From micro- to macro- : what are we ignoring in agriculture?

Every now and then a news story or article really makes me stop and think.  I just listened to an interview on NPR on Monday, April 14, with Dr. Martin Blaser, infectious disease specialist and author of the new book “Missing Microbes.” He is the Director of the NYU Human Microbiome Program.  The microbiome refers to the diverse array of micro-organisms that live in or on our bodies. It turns out that some 70-90% of the cells in and on our body are not our own human cells – they are cells of various bacteria, fungi, viruses, and other critters we cannot see with our eyes or normally detect with any of our senses.

Staphylococcus epidermidis is a well-known part of the normal human skin flora (photo: NIAID)
Staphylococcus epidermidis is a well-known part of the normal human skin flora (photo: NIAID)

These organisms apparently co-evolved with humans over the millennia and many of them perform important functions for maintaining our health.  Yet until quite recently, virtually all of our theory and thought and research and health-care practices have proceeded without any consideration for this major part of our physical body.  Much of our medical practice may help the obvious problem being addressed (e.g. an ear infection) but unintentionally impact the invisible part of us we have not recognized.  One example is the fact that antibiotics can exacerbate the effect of a high-fat diet.  Antibiotics have been used for years at sub-therapeutic rates in livestock to promote growth, to increase efficiency of feed conversion.  Dr. Blaser wondered whether the same thing might happen in people as an unintended consequence of antibiotic use for disease control.  He and colleagues conducted a number of studies on mice and found that “…if we put mice on a high-fat diet, they gain weight, they get fat. If we put them on antibiotics early in life, they also get fat. And if we put them on both together, they get very fat. And we’ve done this in male mice. We’ve done this in female mice. It’s clear that the effects of the antibiotics potentiate the effects of the high-fat diet.”  He attributes this to a change in the microbiome in the gut.

Another example is the inoculation of newborn babies with their mother’s microbiome at birth.  This appears to play an important role in the immune system function of babies.  Babies born via C-section, often for pressing medical reasons, miss out on this step and their microbiome is totally different.  And in studies done on cohorts of kids born by C-section versus vaginal birth, they exhibit a higher rate of obesity.  Studies are now being done to see if inoculating a C-section baby after birth with the mother’s microbiome can successfully replicate the effect from a vaginal birth.  This research is fascinating, on a topic as close to home as possible, but one to which we are essentially oblivious.

At the other end of the spectrum is our changing knowledge of the universe, the domain of the astrophysicists.  There is increasing evidence that much or most of the world around us and out into the universe is not accounted for.  In their book “Matter, Dark Matter, and Anti-Matter: In Search of the Hidden Universe”, Alain Mazure and Vincent LeBrun hypothesize that atoms, our contemporary concept of “hard” reality, only account for 4.6% of the energy/matter in the universe.  The rest is dark matter (24%) and dark energy (71.4%), about which we know very little.  Again, it looks like our standard practice with chemistry and energy operates in total ignorance of the majority of the system we exist in.  It is hard to grasp what the implications of these other parts of the universe are and will be as we understand them more.

Photograph of a leaf using Kirlian techniques used to capture the phenomenon of electrical coronal discharges. (photo: Tor Paulin)
Photograph of a leaf using Kirlian techniques used to capture the phenomenon of electrical coronal discharges. (photo: Tor Paulin)

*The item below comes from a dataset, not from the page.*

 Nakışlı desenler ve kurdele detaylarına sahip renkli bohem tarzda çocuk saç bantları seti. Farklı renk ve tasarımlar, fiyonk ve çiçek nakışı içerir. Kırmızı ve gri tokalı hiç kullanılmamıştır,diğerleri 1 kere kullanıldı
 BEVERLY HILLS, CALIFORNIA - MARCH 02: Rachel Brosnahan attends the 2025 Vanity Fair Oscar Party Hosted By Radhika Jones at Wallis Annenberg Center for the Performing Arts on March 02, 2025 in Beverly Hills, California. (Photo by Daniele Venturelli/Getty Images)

These two examples, going from the micro- to the macro-, suggest that there are very likely some parallels in our approach to agriculture.  There is increased interest in soil biology in recent years, recognizing that the soil is a living system, and that many organisms in the soil are interacting, for better or worse, with the plants we are trying to grow for food.  But what about microbial communities on the leaves, and perhaps within the plants themselves?  Our farming practices proceed as if they don’t exist.  Similarly, one can read about various alternative agriculture approaches that rely on “manipulating energy fields” or “retuning the plant’s frequencies so pests are not attracted.”  Agricultural research has largely ignored these ideas as well, just focusing on the chemical elements we can measure.

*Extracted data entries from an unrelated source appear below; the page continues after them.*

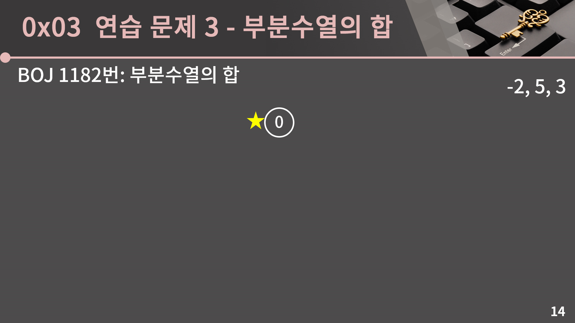 실제 구현을 할 때에는 함수의 인자로 현재까지의 합을 가져가게 했습니다. 그리고 문제에서 크기가 양수인 부분수열만 센다고 했으니 공집합은 제외를 해줘야 하는데 s가 0이 아닐 때에는 상관이 없고 s가 0일 때에는 cnt에서 1을 빼줘야 합니다.(코드)
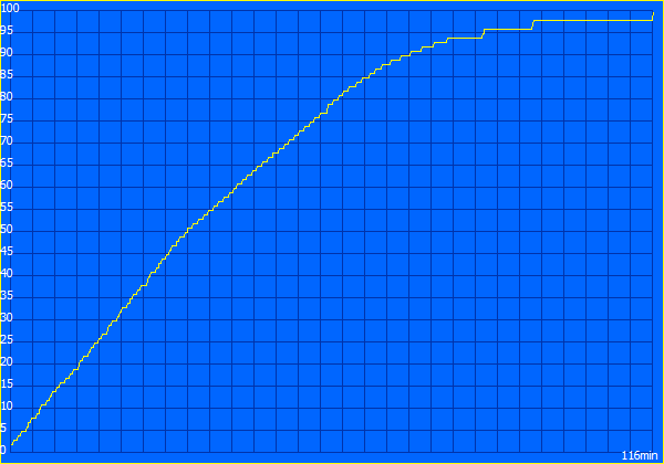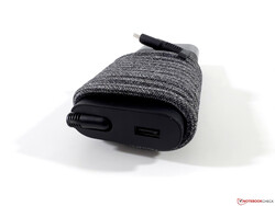 L'alimentatore USB C ha una potenza nominale di 110 watt, con un massimo di 100 watt erogati al portatile. Gli altri 10 watt sono disponibili tramite la porta USB A aggiuntiva che può essere utilizzata, ad esempio, per ricaricare uno smartphone. L'alimentatore non ha problemi di consumo massimo e dispone di riserve sufficienti per caricare la batteria sotto carico.
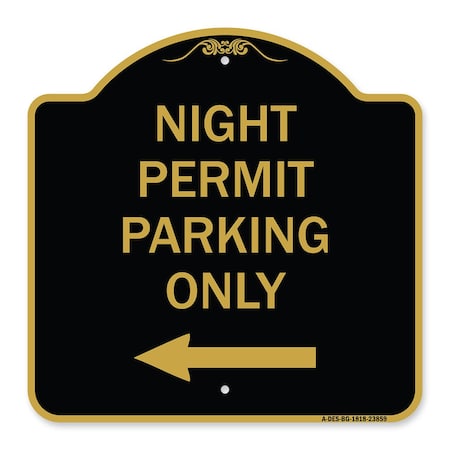 Night Permit Parking W/ Left Arrow, Black & Gold Aluminum Sign, 18" x 18", BG-1818-23859
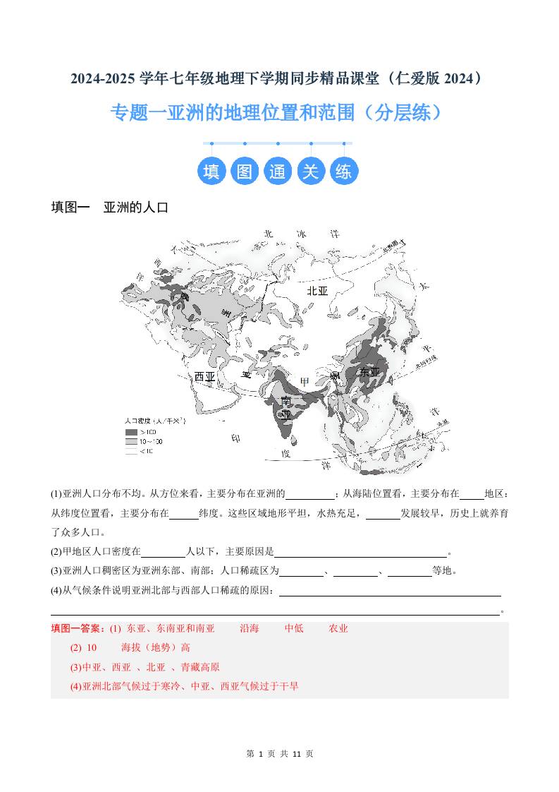 【单元1】专题3 亚洲的人口和经济(分层练)(解析版)
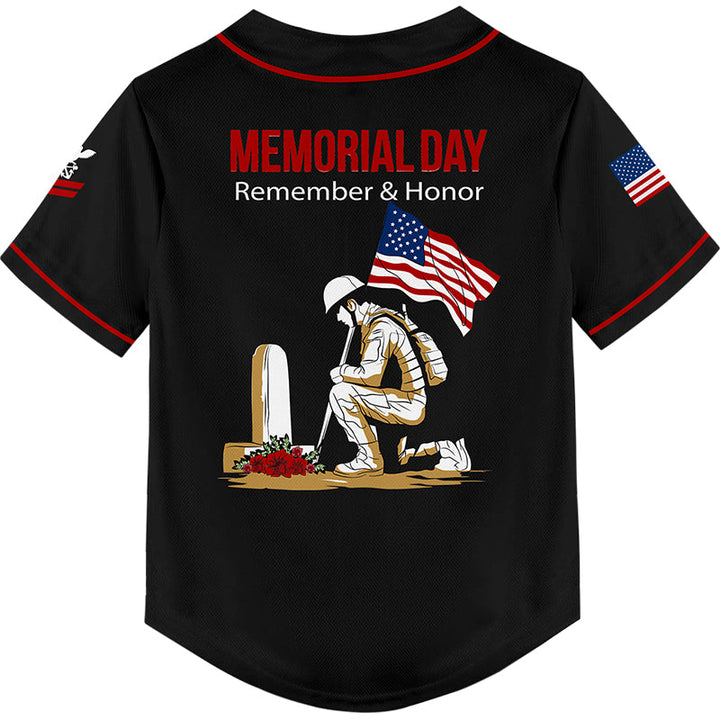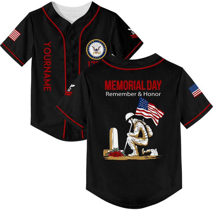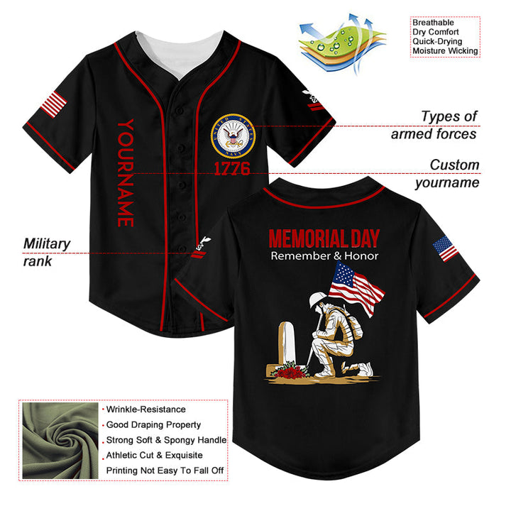 Custom Black Remember Honor 1776 American Flag U.S Navy Military Rank Name Memorial Day Baseball Jersey
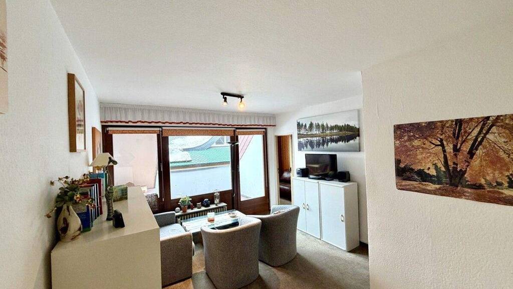 Ebenfalls vom Flur aus erreichen Sie das großzügige Wohn-, Ess- und Schlafzimmer. Der helle Wohnraum bietet ausreichend Platz für Wohnen, Schlafen und Essen in einem harmonischen Gesamtbild. Von hier aus haben Sie Zugang zum schönen Balkon - perfekt für entspannte Stunden im Freien.
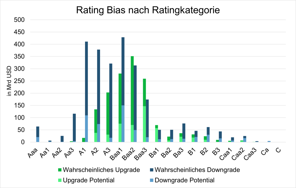 Betrachtet man die Ratingerwartungen von Bloomberg über die verschiedenen Ratingklassen, so sieht man, dass vor allem im Segment Baa2 bis Ba1, also genau dem Übergang zwischen Investment Grade und High Yield mehr Anleihen weiterhin potenzielle Upgrade-Kandidaten sind. Allerdings sieht man bereits eine Verlangsamung des Trends und bei den sehr gut gerateten Unternehmen (Baa1und höher) und unteren Ratingkategorien (Ba2 und darunter) steigt die Wahrscheinlichkeit an, dass es zu mehr Herabstufungen als Heraufstufungen kommt.
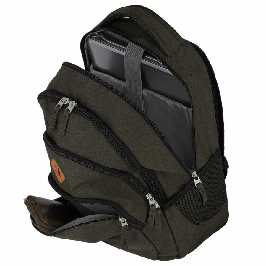 Dieser Rucksack ist nicht nur auf Reisen ein praktischer Begleiter, denn er kann auch auf dem Weg in die Arbeit, in der Uni oder in der Freizeit genutzt werden. Dank seiner geringen Abmessungen von 31 x 45 x 16 cm kann er bei den gängigen Fluglinien problemlos als Bordgepäck mitgeführt werden und lässt sich dank Trolleyanschlussgurt, den gepolsterten Schultergurten, einem Brustgurt und dem Handtragegriff auch sonst angenehm transportieren. Die Reise-, Arbeits- oder Freizeitutensilien lassen sich gut sortiert in den zwei Netz-Seitentaschen, in einem der beiden Hauptfächer (das hintere mit gepolstertem 15-Zoll Laptopfach), der Organizertasche und in der Vortasche unterbringen. Seinen speziellen Look erhält der Travelite Basics Rucksack Melange durch das Polyester in Melange-Optik und die Lederapplikationen.

The point all this drives home for me is that we really know a lot about a small portion of the “system” we are trying to manage, but have a whole lot more to learn about the characteristics of the system itself.  This suggests that there are great opportunities for improving our agricultural systems in the future, if we first can see the whole “elephant”, not just the trunk, or the tail, or the foot.  As Wendell Berry once said, “We don’t know what we are doing because we don’t know what we are undoing.”  I think the challenge is larger than that, as the world may not be what we have been taught.